On Tuesday, the FDA extended its review of the Supplemental Biologics License Application for Arzerra in this indication by three months.
The approval process of Arzerra was delayed.
Novartis will have to wait a little longer to see if the U.S. Food and Drug Administration (FDA) will greenlight Arzerra (ofatumumab) as a treatment for patients with relapsing multiple sclerosis (RMS).
On Tuesday, the FDA extended its review of the Supplemental Biologics License Application for Arzerra in this indication by three months. Regulatory action is now expected in September 2020, the company said. Novartis did not disclose any reason for the regulatory delay in its announcement.
The delay puts Novartis behind as other companies carve up the RMS market, including Bristol Myers Squibb which won approval for Zeposia (ozanimod) in RMS earlier this year and Roche’s Ocrevus, which earned nearly $4 billion in revenue last year.
Marie-France Tschudin, president of Novartis Pharmaceuticals, said the company will work with the FDA to complete the review of Arzerra as soon as possible.
“We are well prepared and ready to launch ofatumumab upon approval. We are committed to the MS community and look forward to bringing this important advancement to patients with MS,” Tschudin said in a statement.
Novartis submitted its sBLA based on results from the Phase III ASCLEPIOS I and II clinical trials, which compared Arzerra to Sanofi’s Aubagio (teriflunomide) in patients with relapsing forms of multiple sclerosis. The studies hit their primary endpoints as Arzerra demonstrated a highly significant and clinically meaningful decrease in the number of confirmed relapses. The trials also hit key secondary endpoints, delaying the time to confirmed disability progression.
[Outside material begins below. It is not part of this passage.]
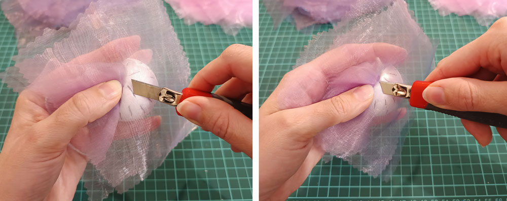 - Аккуратно сделайте надрезы в отмеченных местах. Избегайте слишком частых прорезов, чтобы шар не стал ломким.
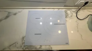 Placa de inducción en color blanco, completamente nueva y sin usar. Vendo por no ser del tamaño de mi cocina. Medidas: 58 x 52 x 5,8cm Peso: 8,8 kg Anchura del corte: 56cm Profundidad del corte: 49 cm - Diseño moderno y elegante. - Acabado liso y fácil de limpiar. Algo negociable

Arzerra is a targeted B-cell therapy that, if approved, addresses a clinical unmet need as the first B-cell therapy for RMS patients that can be self-administered at home through an autoinjector pen. Arzerra is thought to work by binding to a distinct epitope on the CD20 molecule inducing potent B-cell lysis and depletion. The selective mechanism of action and subcutaneous administration of ofatumumab allows precise delivery to the lymph nodes, where B-cell depletion in MS is needed, and may preserve the B-cells in the spleen, Novartis said. Arzerra was previously approved by the FDA to treat chronic lymphocytic leukemia.
Last week, Novartis released a post-hoc analysis of the Phase III studies that showed 47% and 87.8% of patients treated with Arzerra achieved no evidence of disease activity within the first and second year of treatment, respectively. A separate analysis from the APLIOS Phase II trial showed treatment with Arzerra led to rapid and sustained depletion of both CD20+ B- and T-cells in patients with RMS. Ofatumumab depleted different B- and T-cell subsets including memory B-cells and naïve B-cells, as well as a subset of T-cells that are known to exhibit an activated phenotype. However, CD3+ T-cells that do not express the CD20 receptor were largely unaffected, the company noted.
Additional regulatory filings are currently underway and regulatory approval for Arzerra in Europe is expected by mid-2021.
Novartis obtained rights for ofatumumab from GlaxoSmithKline in all indications, including RMS, in December 2015. The drug was originally developed by Genmab.